→ What you are asked to do:
Reproduce the data exactly and drop any pictures it holds.

- Opening Delimiter -

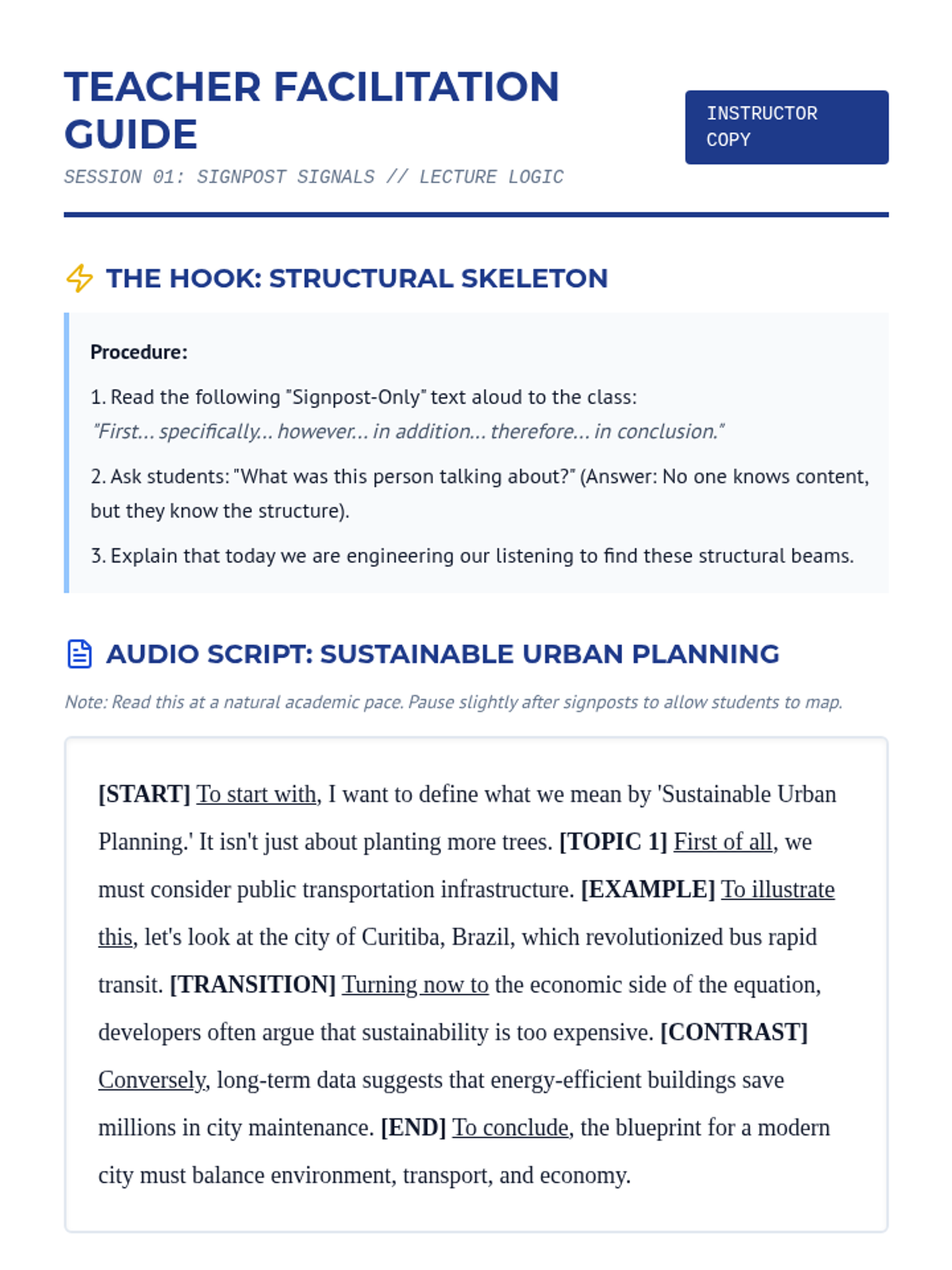 This sequence prepares intermediate ESL students for university-level academic listening by focusing on signposting language, speaker stance, hedging, and strategic note-taking. Students will move from identifying basic transitions to synthesizing complex arguments from multiple spoken sources.
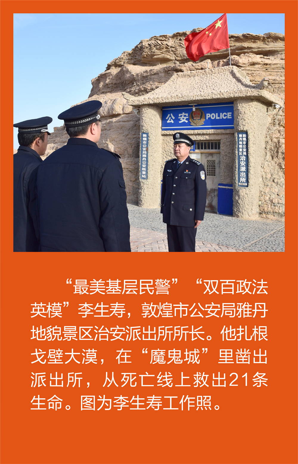 背景资料:李生寿,退休前系敦煌市公安局雅丹世界地质公园治安派出所所长兼雅丹公安检查站站长、二级高级警长。从警24年来,他把人生中最美好的时光、最精彩的年华、最火红的青春奉献给了公安事业,用实际行动践行了“立警为公、执法为民”的铮铮誓言。自1998年脱下军装又穿上警服,他二十多年如一日,坚守在大漠戈壁,奋战在生命禁区,硬是在坚如磐石的雅丹体上开凿出了全国独一无二的窑洞派出所,也锻造出了坚韧不拔的“雅丹精神”。他带领站所民警饮风餐沙、爬冰卧雪,与长风同舞,和大漠为伴,用脚步一遍遍丈量着辖区近四百平方公里的生命禁区,没有让一个“带病”车辆、人员、物品从他们眼前溜走。先后完成罗布泊探险遇难救助任务170次,从死亡线上救回了21条鲜活的生命,被人们誉为“沙海灯塔”。先后荣获“全国模范退役军人”“全国公安机关二级英雄模范”“全国最美基层民警”“双百政法英模”“甘肃省最美人物”等荣誉称号。
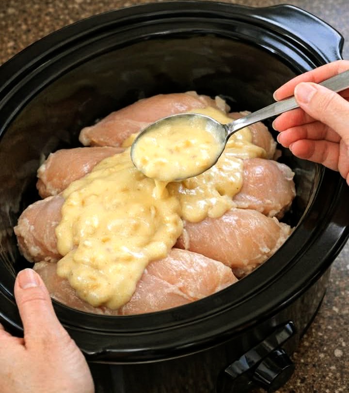 1. Place chicken breasts in a single layer at the bottom of a 4–6 quart slow cooker.
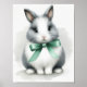 Söt kanin i svart och vitt med en touch av salviafärg på bandet.
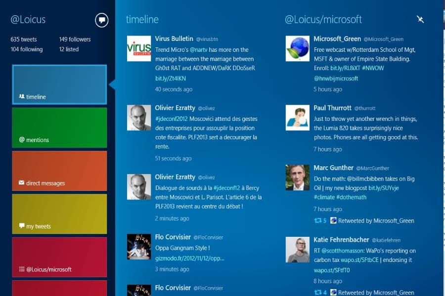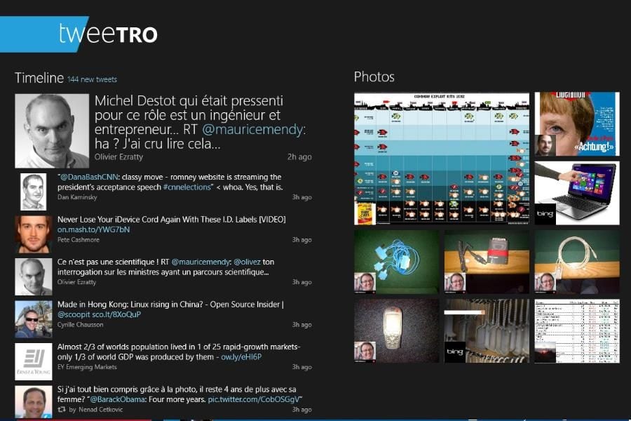 Tweetro est l’autre client phare de l’univers Windows 8. L’app est plus visuelle et plus tactile que MetroTwit, mais il en résulte une ergonomie différente de ce à quoi on est habitué, ce qui pourra décontenancer les Twitter-maniaques mais séduire les débutants. L’app est d’ailleurs truffée de bonnes idées comme une gestion intelligente des modes portrait et paysage, une rubrique Photos qui regroupe en un écran tous les envois de clichés et l’intégration d’un volet de navigation Web.
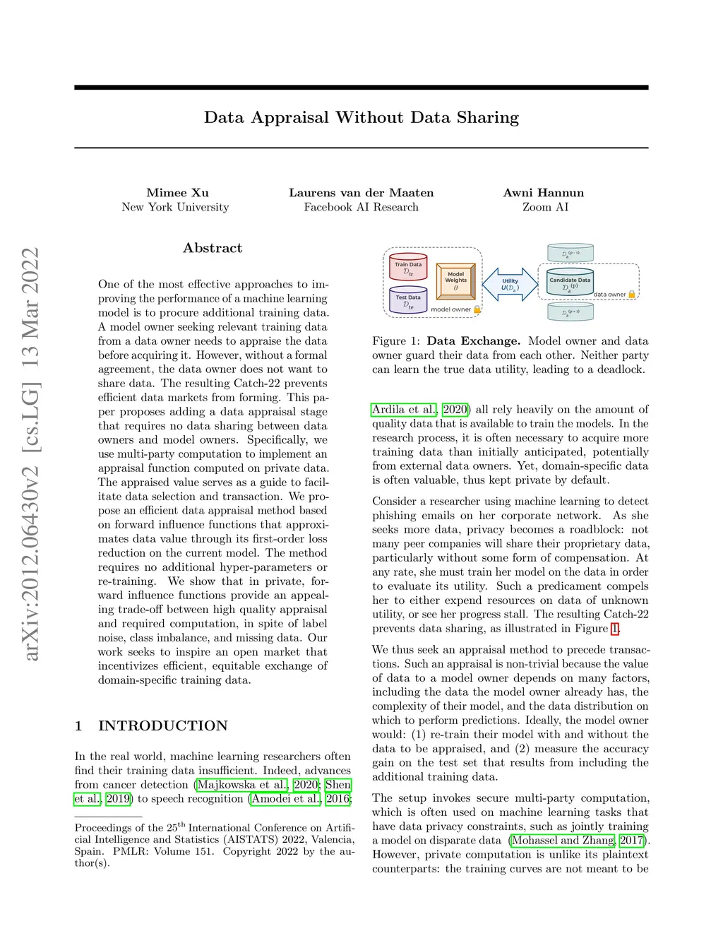 One of the most effective approaches to improving the performance of a machine learning model is to procure additional training data. A model owner seeking relevant training data from a data owner needs to appraise the data before acquiring it. However, without a formal agreement, the data owner does not want to share data. The resulting Catch-22 prevents efficient data markets from forming. This paper proposes adding a data appraisal stage that requires no data sharing between data owners and model owners. Specifically, we use multi-party computation to implement an appraisal function computed on private data. The appraised value serves as a guide to facilitate data selection and transaction. We propose an efficient data appraisal method based on forward influence functions that approximates data value through its first-order loss reduction on the current model. The method requires no additional hyper-parameters or re-training. We show that in private, forward influence functions provide an appealing trade-off between high quality appraisal and required computation, in spite of label noise, class imbalance, and missing data. Our work seeks to inspire an open market that incentivizes efficient, equitable exchange of domain-specific training data.

- Closing Delimiter -

→ Worked solution:
 This sequence prepares intermediate ESL students for university-level academic listening by focusing on signposting language, speaker stance, hedging, and strategic note-taking. Students will move from identifying basic transitions to synthesizing complex arguments from multiple spoken sources.
 背景资料:李生寿,退休前系敦煌市公安局雅丹世界地质公园治安派出所所长兼雅丹公安检查站站长、二级高级警长。从警24年来,他把人生中最美好的时光、最精彩的年华、最火红的青春奉献给了公安事业,用实际行动践行了“立警为公、执法为民”的铮铮誓言。自1998年脱下军装又穿上警服,他二十多年如一日,坚守在大漠戈壁,奋战在生命禁区,硬是在坚如磐石的雅丹体上开凿出了全国独一无二的窑洞派出所,也锻造出了坚韧不拔的“雅丹精神”。他带领站所民警饮风餐沙、爬冰卧雪,与长风同舞,和大漠为伴,用脚步一遍遍丈量着辖区近四百平方公里的生命禁区,没有让一个“带病”车辆、人员、物品从他们眼前溜走。先后完成罗布泊探险遇难救助任务170次,从死亡线上救回了21条鲜活的生命,被人们誉为“沙海灯塔”。先后荣获“全国模范退役军人”“全国公安机关二级英雄模范”“全国最美基层民警”“双百政法英模”“甘肃省最美人物”等荣誉称号。
 1. Place chicken breasts in a single layer at the bottom of a 4–6 quart slow cooker.
 Söt kanin i svart och vitt med en touch av salviafärg på bandet.
 Tweetro est l’autre client phare de l’univers Windows 8. L’app est plus visuelle et plus tactile que MetroTwit, mais il en résulte une ergonomie différente de ce à quoi on est habitué, ce qui pourra décontenancer les Twitter-maniaques mais séduire les débutants. L’app est d’ailleurs truffée de bonnes idées comme une gestion intelligente des modes portrait et paysage, une rubrique Photos qui regroupe en un écran tous les envois de clichés et l’intégration d’un volet de navigation Web.
 One of the most effective approaches to improving the performance of a machine learning model is to procure additional training data. A model owner seeking relevant training data from a data owner needs to appraise the data before acquiring it. However, without a formal agreement, the data owner does not want to share data. The resulting Catch-22 prevents efficient data markets from forming. This paper proposes adding a data appraisal stage that requires no data sharing between data owners and model owners. Specifically, we use multi-party computation to implement an appraisal function computed on private data. The appraised value serves as a guide to facilitate data selection and transaction. We propose an efficient data appraisal method based on forward influence functions that approximates data value through its first-order loss reduction on the current model. The method requires no additional hyper-parameters or re-training. We show that in private, forward influence functions provide an appealing trade-off between high quality appraisal and required computation, in spite of label noise, class imbalance, and missing data. Our work seeks to inspire an open market that incentivizes efficient, equitable exchange of domain-specific training data.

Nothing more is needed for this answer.